=== RECORDS TO PROCESS ===

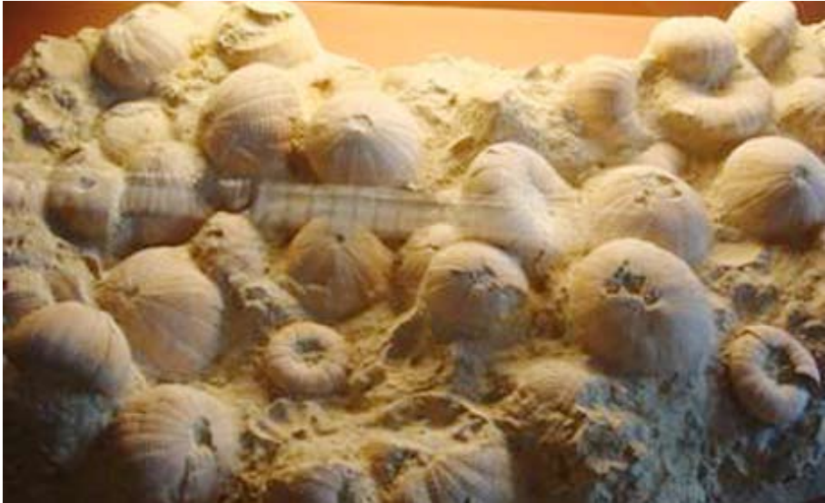
۱۳) قەندىلى دەريا، تەمەنى گۇرپانچان بە بەرد دەگەرپتتەۋە بۇ پىنچ مىليۇن سال. ئەم بەردە لە دەرياي سىپى ناۋەپاست دۆزراۋەتەۋە .
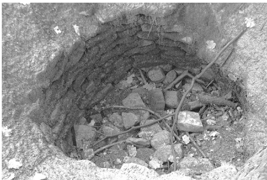
Mezi na první pohled nejviditelnější pozůstatky vesnice Hol patří zbytky gotických studní.
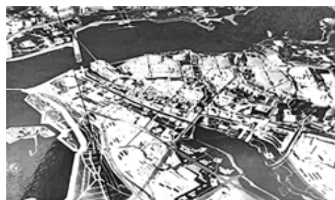
Рис. 2. Проект 1-й мастерской института «Татгражданпроект», удостоенный поощрительной премии

Основной стержень общественного центра Казани – р. Казанка, притягивающая к себе все основные звенья: территории, ограниченные на левом берегу железнодорожным вокзалом, центральным стадионом и цирком, Кремлем, Булаком, ул. Пушкина, площадью Свободы, и на правом берегу территории от набережной до пр. Ямашева, раскинувшиеся от ул. Декабристов до четвертой транспортной дамбы [12].
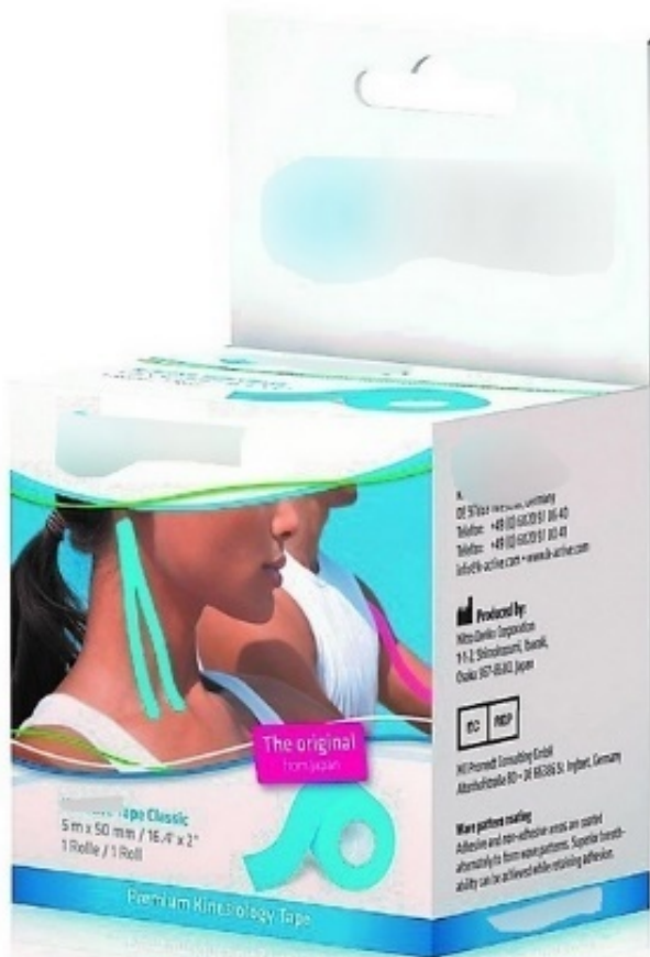
Рис. 3 А, Б. Примеры классических кинезиологических тейпов.
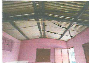
Foto 4: Sustitucion de estructura de metal de las ventanas de 150x 100 cm
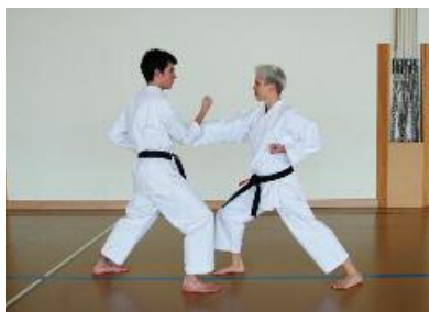
1. Angreifer Chudanzuki

Chudan Uchi Uke abwehren, kontern mit Gyakuzuki
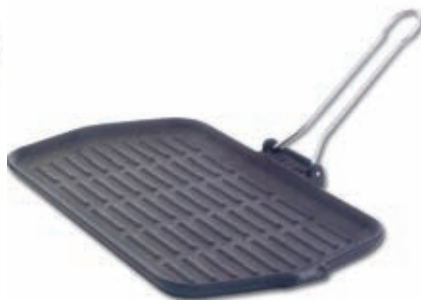
Bistecchiera "DIETELLA" 205
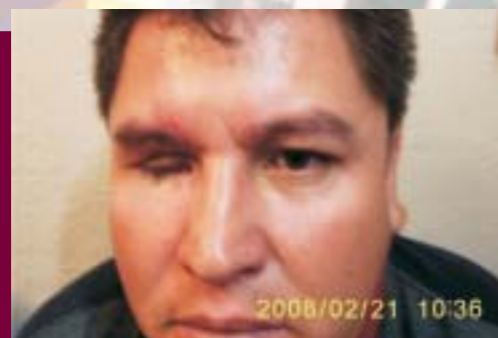
Adaptación de Prótesis Oculares
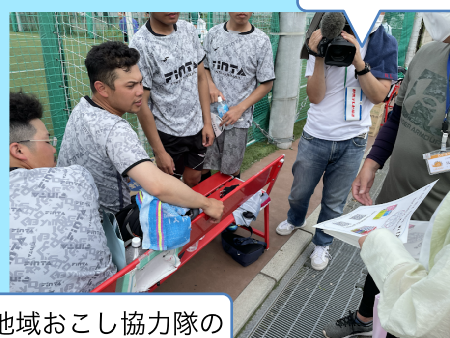
地域おこし協力隊のハンガリーの方にインタビュー
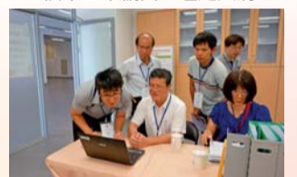
▲ 文書與檔案作業資訊化

終如一，堅持做對的事、把事情做對，終於讓本校檔案管理之績效開花結果，並獲得「金檔獎」之至高榮耀。讓「南護」品牌就像是一顆精雕細琢的鑽石閃亮發光，令人驚豔。此次榮獲金檔獎，是對臺南護專精緻化、優質化管理的
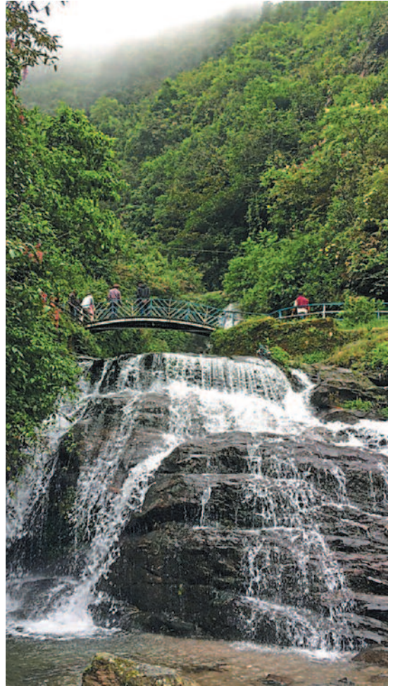
ರಾಕ್ ಗಾರ್ಡನ್ ಡಾರ್ಜಿಲಿಂಗ್
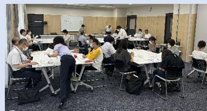
さまざまな意見ができました
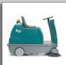
Cepillo lateral estándar
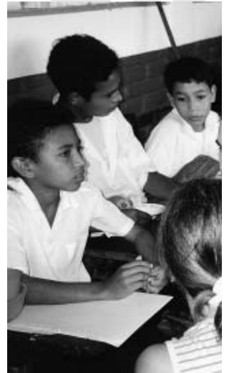
El sector més pobre ha sigut el més perjudicat per les catastrofes naturals

I així vam arribar al 2001, quan tot just Nicaragua començava a recuperar-se dels estralls de l'huracà Mitch i una nova desgràcia, aquesta vegada de caràcter econòmic, s'abocava sobre el país: la caiguda dels preus del cafè en els mercats internacionals, la principal font d'ingressos de l'economia nicaragüenca.
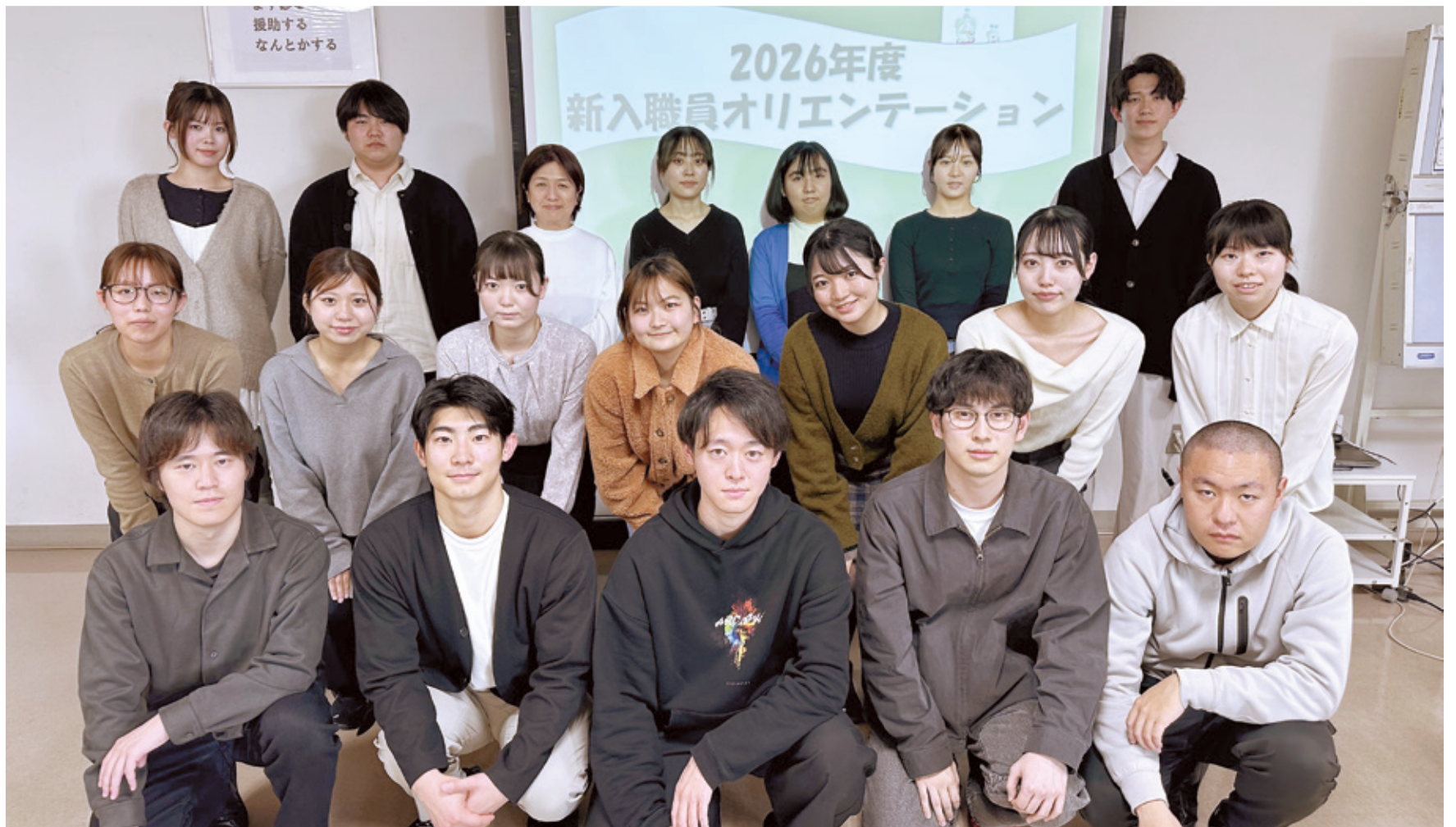
(初期研修医 5名、助産師 1名、看護師 5名、理学療法士 3名、作業療法士 2名、言語聴覚士 1名、臨床工学技士 1名、社会福祉士 1名、事務 1名)
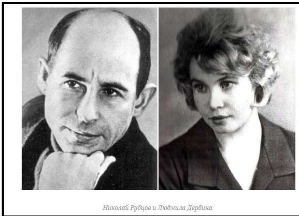
Николай Рубцов и Людмила Дербина

Людмила влюбилась в поэзию Николая Рубцова и поняла, что её место рядом с ним.
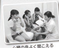
心臓の音よく聞こえる
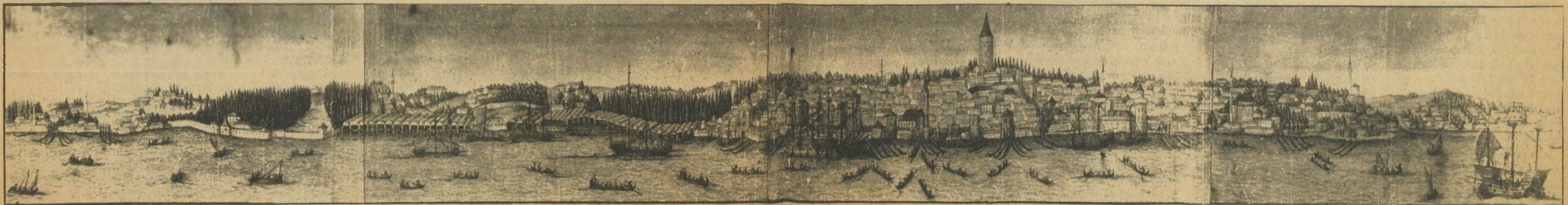
Galata (Fındıklı'dan Hasköy'e)
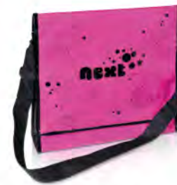
PP-Non Woven mit glänzender Laminierung und Paspelierung
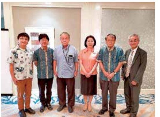
9月28日 沖縄県医師連盟役員の方と意見交換
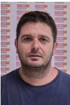
25. Josep Plensa

===

EXERCISE DETAILS:
Go to the line with "Chudan Uchi Uke" in the entries above. Reproduce that line and each one after it to the end, exactly and without the pictures.

SOLUTION TO THE EXERCISE:
Chudan Uchi Uke abwehren, kontern mit Gyakuzuki
Bistecchiera "DIETELLA" 205
Adaptación de Prótesis Oculares
地域おこし協力隊のハンガリーの方にインタビュー
▲ 文書與檔案作業資訊化

終如一，堅持做對的事、把事情做對，終於讓本校檔案管理之績效開花結果，並獲得「金檔獎」之至高榮耀。讓「南護」品牌就像是一顆精雕細琢的鑽石閃亮發光，令人驚豔。此次榮獲金檔獎，是對臺南護專精緻化、優質化管理的
ರಾಕ್ ಗಾರ್ಡನ್ ಡಾರ್ಜಿಲಿಂಗ್
さまざまな意見ができました
Cepillo lateral estándar
El sector més pobre ha sigut el més perjudicat per les catastrofes naturals

I així vam arribar al 2001, quan tot just Nicaragua començava a recuperar-se dels estralls de l'huracà Mitch i una nova desgràcia, aquesta vegada de caràcter econòmic, s'abocava sobre el país: la caiguda dels preus del cafè en els mercats internacionals, la principal font d'ingressos de l'economia nicaragüenca.
(初期研修医 5名、助産師 1名、看護師 5名、理学療法士 3名、作業療法士 2名、言語聴覚士 1名、臨床工学技士 1名、社会福祉士 1名、事務 1名)
Николай Рубцов и Людмила Дербина

Людмила влюбилась в поэзию Николая Рубцова и поняла, что её место рядом с ним.
心臓の音よく聞こえる
Galata (Fındıklı'dan Hasköy'e)
PP-Non Woven mit glänzender Laminierung und Paspelierung
9月28日 沖縄県医師連盟役員の方と意見交換
25. Josep Plensa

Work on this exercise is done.